COURT OF APPEALS

DECISION

DATED AND FILED

 

September 25, 2012

 

Diane M. Fremgen

Clerk of Court of Appeals

 

 

 

NOTICE

 

 

This opinion is subject to further editing.  If published, the official version will appear in the bound volume of the Official Reports. 

 

A party may file with the Supreme Court a petition to review an adverse decision by the Court of Appeals.  See Wis. Stat. § 808.10 and Rule 809.62. 

 

 

 

 

Appeal No. 

2011AP2069

Cir. Ct. No.  2011CV11336

STATE OF WISCONSIN 

IN COURT OF APPEALS

 

DISTRICT I

 

 

 

 

State of Wisconsin ex rel.
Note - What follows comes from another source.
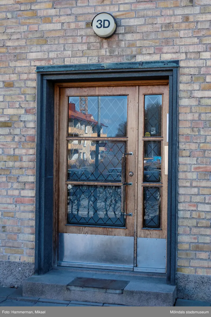 Porten till bostadshuset Hagåkersgatan 3D i Bosgården, Mölndal, april 2013.

Delond M. Blunt,

 

                        Petitioner-Appellant,

 

            v.

 

Judy P. Smith, Warden, Oshkosh Correctional Institution,

 

                        Respondent-Respondent.

 

 

 

            APPEAL from an order of the circuit court for Milwaukee County:  maxine a. white, Judge.  Affirmed.

            Before Curley, P.J., Kessler and Brennan, JJ.
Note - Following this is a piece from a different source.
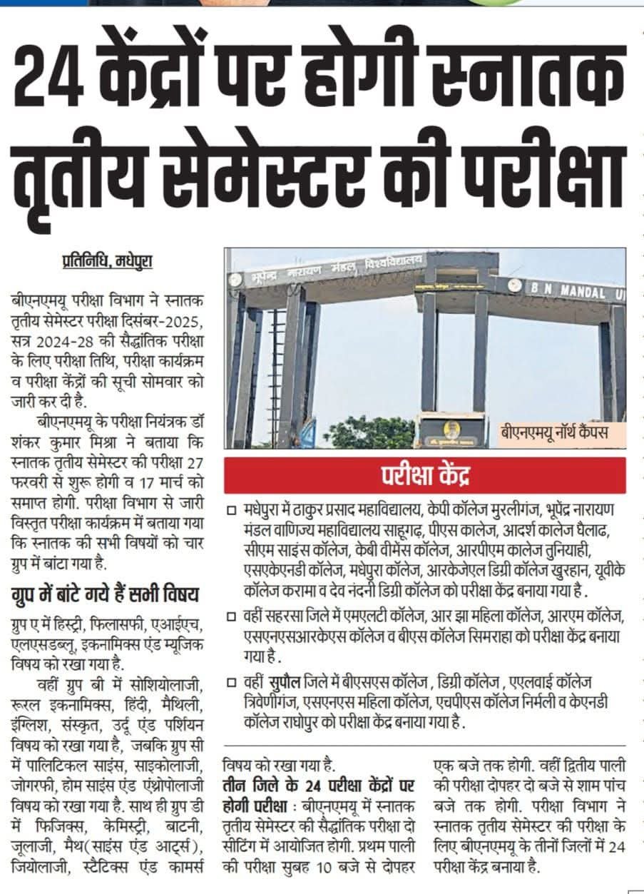 बी.एन. मंडल विश्वविद्यालय, मधेपुरा द्वारा स्नातक चतुर्थ सेमेस्टर (सत्र 2024-28) की परीक्षा तिथि एवं परीक्षा केंद्रों की सूची जारी कर दी गई है। यह परीक्षा 27 February से शुरू होकर 17 March, 2026 तक चलेगी। सभी परीक्षाएं दो पालियों में आयोजित की जाएंगी।

1        PER CURIAM.    Delond M. Blunt, pro se, appeals an order dismissing his petition for writ of habeas corpus.  The issue is whether the circuit court properly dismissed the petition.  We conclude that it did.  Therefore, we affirm.

2        On June 25, 2008, Blunt was convicted of two counts of second-degree sexual assault of a child.  After sentencing, he signed a form indicating that he did not plan to pursue postconviction relief.  On March 22, 2010, Blunt filed a motion to modify his sentence pursuant to Wis. Stat. § 973.19 (2009-10).[1]  The circuit court denied the motion as untimely.  On July 19, 2011, Blunt filed a petition for writ of habeas corpus.  The circuit court dismissed the petition.
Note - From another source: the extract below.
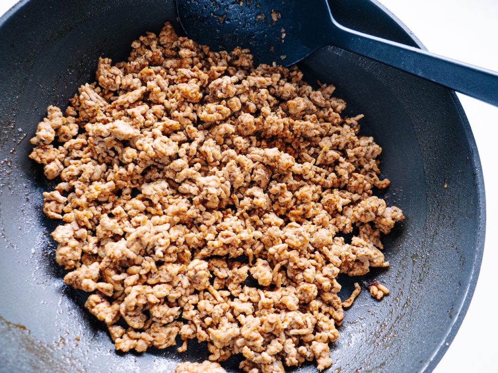 作り置きの野菜がいっぱいあったのでひき肉だけ炒めて簡単に作ります。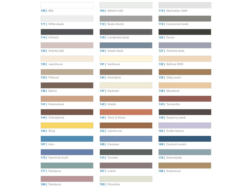 Barvy: Kerapoxy Easy Design je k dispozici v 41 barvách (40 barev a neutrální - č. 700 průsvitná).

3        The statutes provide that a person may not petition for writ of habeas corpus if he or she has failed to apply for relief from the sentencing court or the sentencing court has denied relief.  Wis. Stat. § 974.06(8).  Case law has also long held that “habeas corpus will not be granted where other adequate remedies at law exist.”  State ex rel. Dowe v. Circuit Court for Waukesha Cnty., 184 Wis. 2d 724, 729, 516 N.W.2d 714 (1994).  Blunt chose not to take a direct appeal from his conviction.  After the time for filing a direct appeal elapsed, he did not file a Wis. Stat. § 974.06 motion for postconviction relief raising his claims.  Instead, he filed a petition for writ of habeas corpus.  Because Blunt had adequate remedies at law through direct appeal or a motion under § 974.06, he is procedurally barred from raising his claims by petition for writ of habeas corpus.

4        Even if we were to consider the merits of Blunt’s claims, Blunt would not be entitled to relief.  Blunt first contends that he received ineffective assistance of trial counsel.  In order to establish a claim of ineffective assistance of counsel, a defendant must show that his attorney’s performance was deficient and the deficient performance prejudiced the defense.  Strickland v. Washington, 466 U.S. 668, 687 (1984).  When a defendant has entered a guilty or no-contest plea, a defendant is prejudiced by his counsel’s alleged errors only where “‘there is a reasonable probability that, but for counsel’s errors, [the defendant] would not have pleaded guilty and would have insisted on going to trial.’”  State v. Bentley, 201 Wis. 2d 303, 312, 548 N.W.2d 50 (1996) (citation omitted).

5        Blunt contends that his trial attorney coerced him into pleading guilty, failed to investigate, failed to submit a speedy trial motion and violated his due process rights.  However, Blunt does not allege that, if his lawyer had acted differently, he would have chosen to go to trial rather than plead guilty.  Blunt’s failure to allege that he would not have pled guilty but for counsel’s alleged actions is fatal to his claim of ineffective assistance of counsel.

6        Blunt next contends that the circuit court’s plea colloquy was inadequate and perfunctory in violation of State v. Bangert, 131 Wis. 2d 246, 389 N.W.2d 12 (1986).  To prevail on a claim that a plea colloquy is deficient, “a defendant must allege he did not enter a knowing, intelligent, and voluntary plea because he did not know or understand information that should have been provided at the plea hearing.”  State v. Brown, 2006 WI 100, ¶59, 293 Wis. 2d 594, 716 N.W.2d 906.  Blunt has not met this burden because he has failed to articulate what, exactly, he believes was wrong with the plea colloquy, he has not explained what he did not understand, and he has not connected the alleged problems with the colloquy to his lack of understanding.  Blunt’s challenge to the plea colloquy is therefore unavailing.

            By the Court.—Order affirmed.

            This opinion will not be published.  See Wis. Stat. Rule 809.23(1)(b)5.


 



[1]  All references to the Wisconsin Statutes are to the 2009-10 version unless otherwise noted.